[Exercise data]

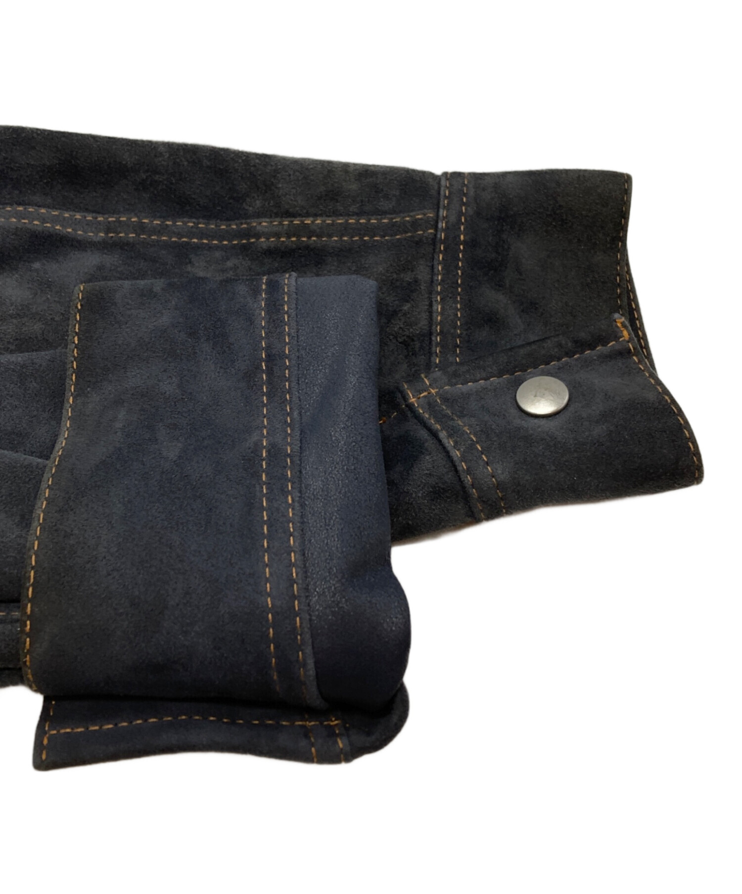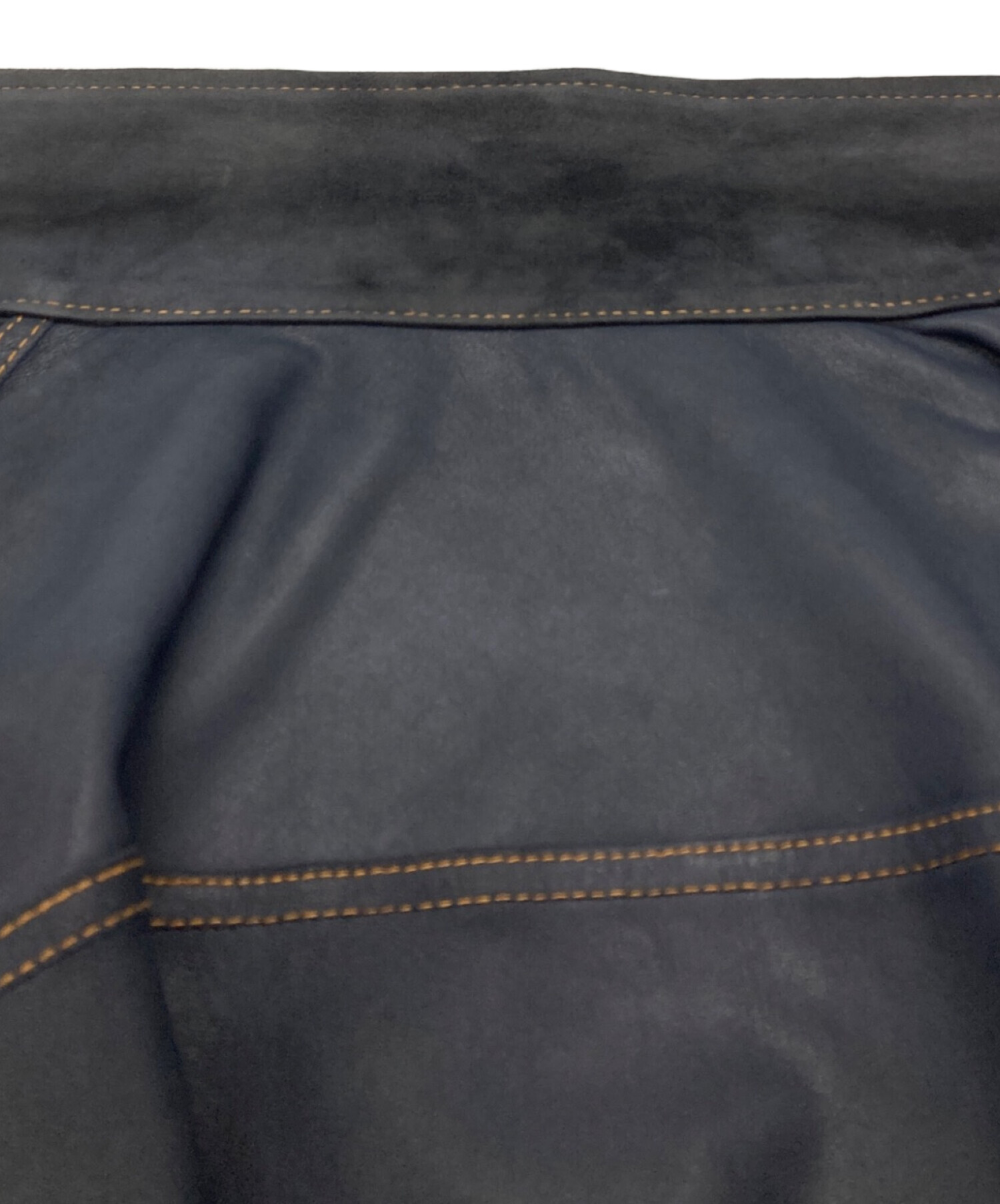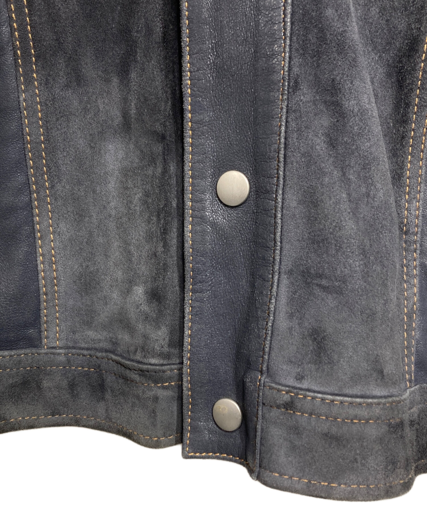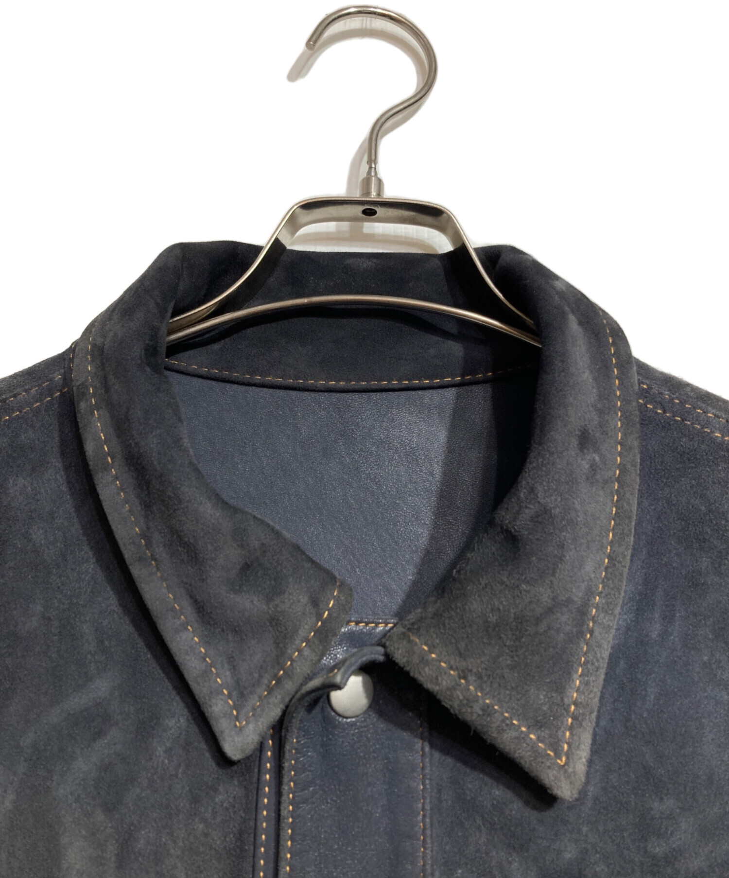 | スタッフコメント | スナックエヌジーエルが放つ、ゴートレザーの表革とスエードを巧みに切り替えたリバーシブルジャケット。深いネイビーが素材のコントラストを引き立て、無骨な表情と洗練された艶が共存します。一着で二つの個性を愉しめる、大人の遊び心溢れる贅沢な一着です。 |
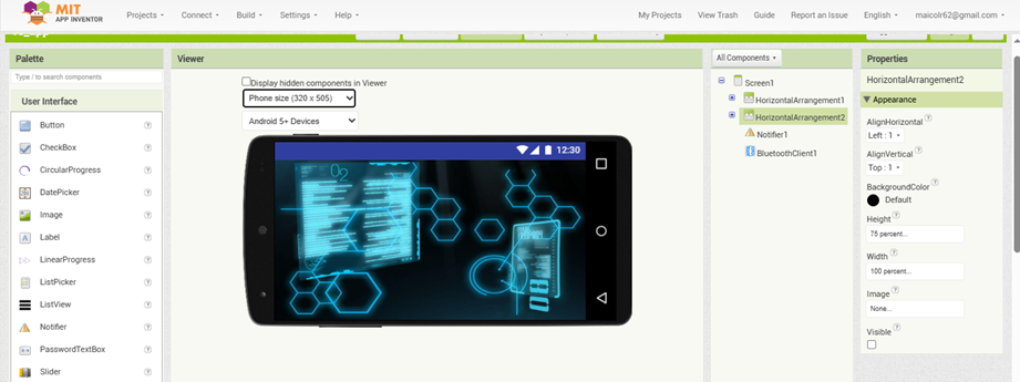 En la categoría “user interface” buscaremos el componente “notifier” lo seleccionamos y lo llevamos a la mitad de la pantalla, como se puede ver no se ve ningun cambio en el diseño pero si nos desplazamos un poco hacia abajo, debajo del teléfono aparece nuestro componente y este nos dice que no es visible, dicho componente nos va a permitir mostrar información en formato de alerta.
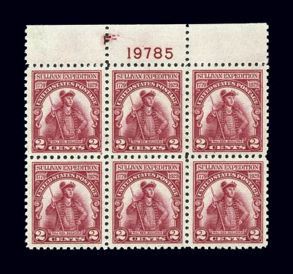 995 nhPB 657a image#657a, 2c Sullivan, lake shade, top margin plate no. F19785 block of six, incredibly well centered throughout the plate, strong color in the true lake shade, o.g., n.h., extremely fine; certainly one of the finest (if not the finest) of the few known plate blocks of this scarce color variety; 2001 PSE certificate. (Image) $3,750.00
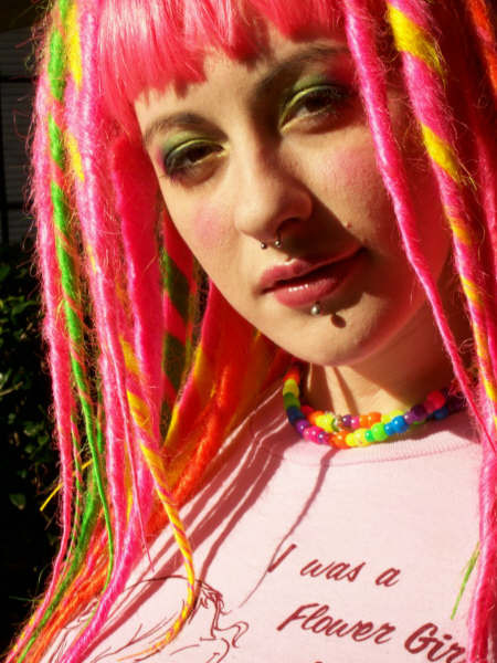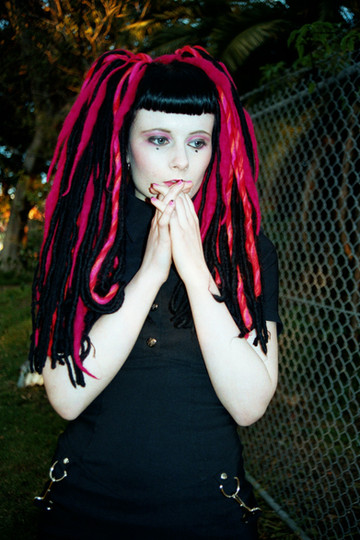 #black #dreadlocks #dreads #goth #makeup #pale #paleskin #piercings #pink #purple #gothicgirl
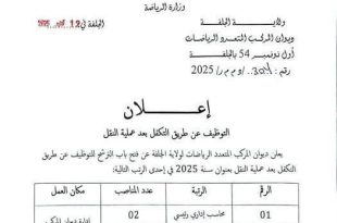 أكمل القراءة »اعلان توظيف عن طريق التكفل بعد عملية النقل بديوان المركب المتعدد الرياضات
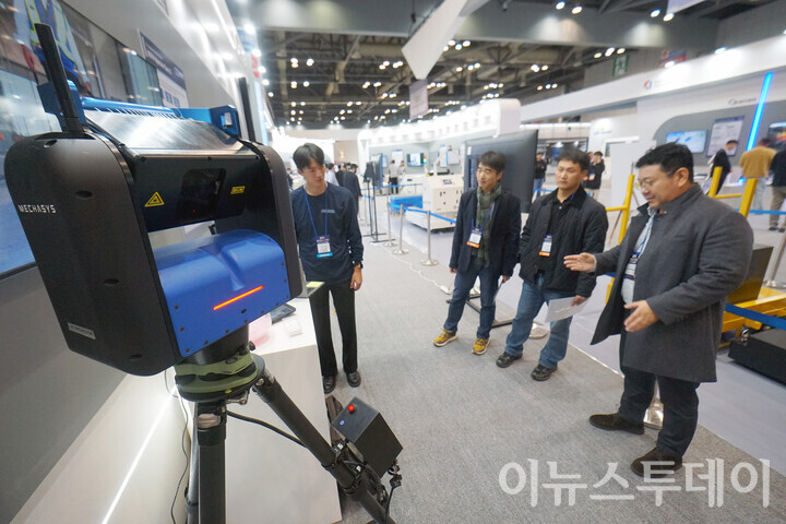 [이뉴스투데이 안경선 기자] 5일 오전 경기 고양시 킨텍스에 열린 ‘2025 스마트건설·안전·AI 엑스포’에서 방문객들이 XR 프로젝터를 살펴보고 있다.
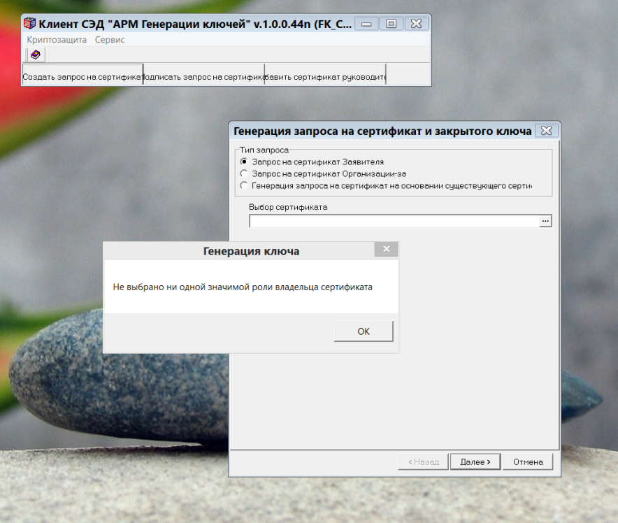 Помогите решить проблему. Сами не сильны в компьютерах, иногда помогает программист. Но его сейчас нет(((. На Windows 8 установили АРМ генератор ключей версии 1.0.0.44n. Крипто Про 4.0. Нужно сформировать заявку на смену эл. подписи, но при выборе Запрос на сертификат Заявителя выдает ошибку: не выбрано ни одной значимой роли владельца сертификата 1.0.0.44. Как нам быть????
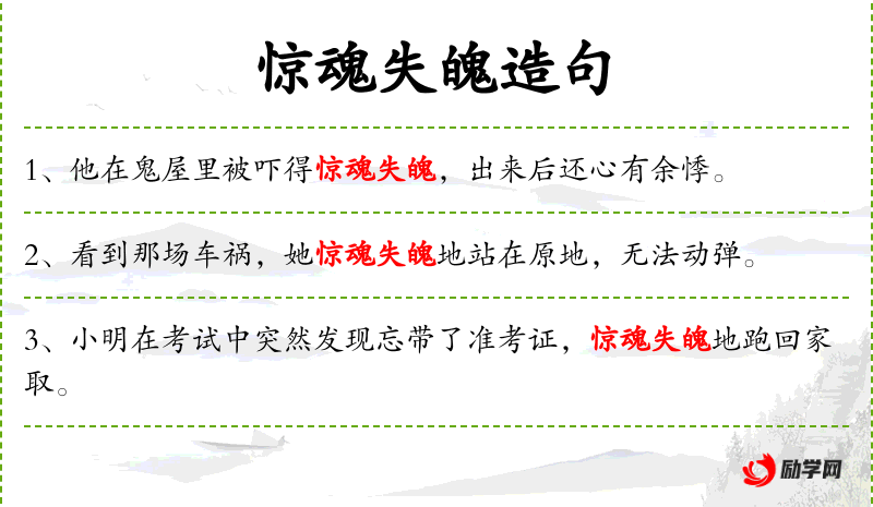 - 惊魂失魄:成语,形容极度惊恐,失去常态。
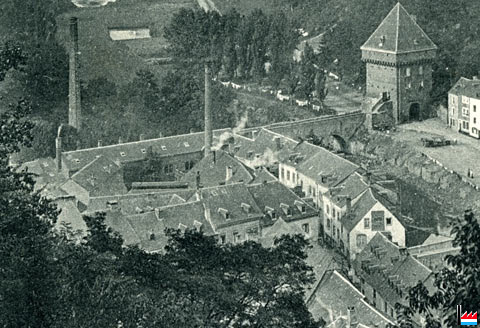 Im Hintergrund die Brückermühle, in der Bildmitte die Brauerei Funck - Nouveau, Pfaffenthal, um 1908 (Postkarte: Gerhard Thies, Elberfeld, Dess. 12875; Collection: industrie.lu)
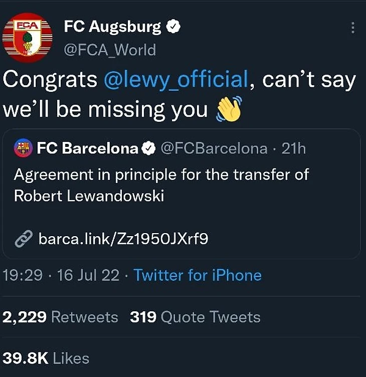 Неудивительно, что англоязычный твиттер клуба оставил вот этот реплай на твит «Барселоны» о договоренности с польским бомбардиром.
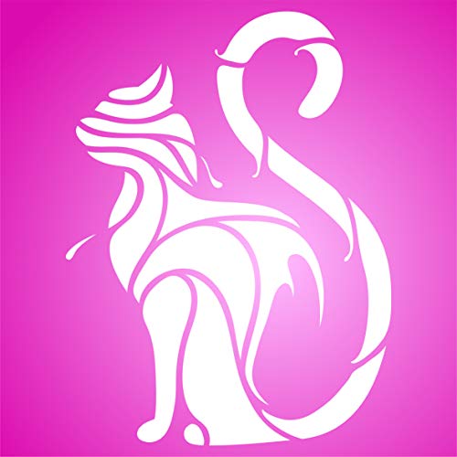 Stencil a forma di gatto, riutilizzabile, decorazione geometrica stilizzata, stencil da parete per animali domestici
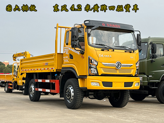 東風黃牌4.2米原廠四驅(qū)貨車,DFV1101GP6D型四驅(qū)載貨汽車,該車驅(qū)動形式為4×4全輪驅(qū)動,采用東風牌DFV5101TGP6DJ型特種作業(yè)底盤,采用東風D1L一排半駕駛室?guī)г瓘S空調(diào),4×4驅(qū)動,選裝玉柴YCY30170-60和玉柴YCS04180-60發(fā)動機,韶齒五檔變速箱,杭齒450分動箱帶高低擋,分時四驅(qū),軸距:3500mm,295/80R22.5越野輪胎,4T前橋,8T后橋,電動玻璃,方向助力,斷氣剎,帶ABS。車廂長4.2米,整車長6.05米,接近角33度,離去角17度,最小離地間隙35公分,涉水深度0.8米。
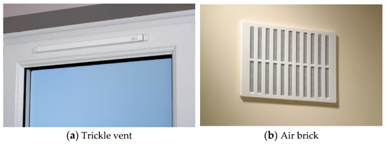 In order to solve this issue, two strategies are considered to be added to the model with increased ventilation rate (16,000 m3/h): 1—installing background ventilation, including trickle vents in windows and air brick vents in external walls, which allows in and out airflows between the zones and ambient environment (see Figure 8). 2—fully opening the doors.
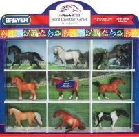 Set #9128 World Equestrian Games Stablemate Shadowbox included a bay Arabian, a dark grey Cantering Warmblood, a chestnut Drafter, a light grey Hanoverian, a black pinto Quarter Horse, a red roan Reining Horse, a flaxen chestnut Standing Thoroughbred, a palomino Trotting Warmblood, and a dark grey Warmblood Jumper. On the 2010 Retired List.
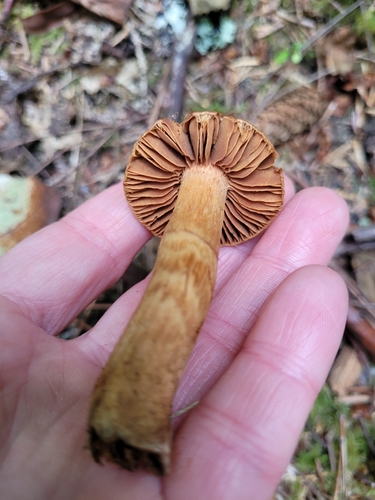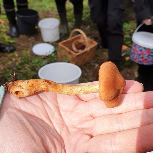 Der Stiel ist braun-orange-rot-gelb. Besondere Merkmale: faserig, brüchig, Wurzelbasis, genattert, knollige Basis.

[Exercise details]
Output every line of the records exactly, excluding all pictures.

[Exercise solution]
 | スタッフコメント | スナックエヌジーエルが放つ、ゴートレザーの表革とスエードを巧みに切り替えたリバーシブルジャケット。深いネイビーが素材のコントラストを引き立て、無骨な表情と洗練された艶が共存します。一着で二つの個性を愉しめる、大人の遊び心溢れる贅沢な一着です。 |
 En la categoría “user interface” buscaremos el componente “notifier” lo seleccionamos y lo llevamos a la mitad de la pantalla, como se puede ver no se ve ningun cambio en el diseño pero si nos desplazamos un poco hacia abajo, debajo del teléfono aparece nuestro componente y este nos dice que no es visible, dicho componente nos va a permitir mostrar información en formato de alerta.
 995 nhPB 657a image#657a, 2c Sullivan, lake shade, top margin plate no. F19785 block of six, incredibly well centered throughout the plate, strong color in the true lake shade, o.g., n.h., extremely fine; certainly one of the finest (if not the finest) of the few known plate blocks of this scarce color variety; 2001 PSE certificate. (Image) $3,750.00
 #black #dreadlocks #dreads #goth #makeup #pale #paleskin #piercings #pink #purple #gothicgirl
 أكمل القراءة »اعلان توظيف عن طريق التكفل بعد عملية النقل بديوان المركب المتعدد الرياضات
 [이뉴스투데이 안경선 기자] 5일 오전 경기 고양시 킨텍스에 열린 ‘2025 스마트건설·안전·AI 엑스포’에서 방문객들이 XR 프로젝터를 살펴보고 있다.
 Помогите решить проблему. Сами не сильны в компьютерах, иногда помогает программист. Но его сейчас нет(((. На Windows 8 установили АРМ генератор ключей версии 1.0.0.44n. Крипто Про 4.0. Нужно сформировать заявку на смену эл. подписи, но при выборе Запрос на сертификат Заявителя выдает ошибку: не выбрано ни одной значимой роли владельца сертификата 1.0.0.44. Как нам быть????
 - 惊魂失魄:成语,形容极度惊恐,失去常态。
 Im Hintergrund die Brückermühle, in der Bildmitte die Brauerei Funck - Nouveau, Pfaffenthal, um 1908 (Postkarte: Gerhard Thies, Elberfeld, Dess. 12875; Collection: industrie.lu)
 Неудивительно, что англоязычный твиттер клуба оставил вот этот реплай на твит «Барселоны» о договоренности с польским бомбардиром.
 Stencil a forma di gatto, riutilizzabile, decorazione geometrica stilizzata, stencil da parete per animali domestici
 東風黃牌4.2米原廠四驅(qū)貨車,DFV1101GP6D型四驅(qū)載貨汽車,該車驅(qū)動形式為4×4全輪驅(qū)動,采用東風牌DFV5101TGP6DJ型特種作業(yè)底盤,采用東風D1L一排半駕駛室?guī)г瓘S空調(diào),4×4驅(qū)動,選裝玉柴YCY30170-60和玉柴YCS04180-60發(fā)動機,韶齒五檔變速箱,杭齒450分動箱帶高低擋,分時四驅(qū),軸距:3500mm,295/80R22.5越野輪胎,4T前橋,8T后橋,電動玻璃,方向助力,斷氣剎,帶ABS。車廂長4.2米,整車長6.05米,接近角33度,離去角17度,最小離地間隙35公分,涉水深度0.8米。
 In order to solve this issue, two strategies are considered to be added to the model with increased ventilation rate (16,000 m3/h): 1—installing background ventilation, including trickle vents in windows and air brick vents in external walls, which allows in and out airflows between the zones and ambient environment (see Figure 8). 2—fully opening the doors.
 Set #9128 World Equestrian Games Stablemate Shadowbox included a bay Arabian, a dark grey Cantering Warmblood, a chestnut Drafter, a light grey Hanoverian, a black pinto Quarter Horse, a red roan Reining Horse, a flaxen chestnut Standing Thoroughbred, a palomino Trotting Warmblood, and a dark grey Warmblood Jumper. On the 2010 Retired List.
 Der Stiel ist braun-orange-rot-gelb. Besondere Merkmale: faserig, brüchig, Wurzelbasis, genattert, knollige Basis.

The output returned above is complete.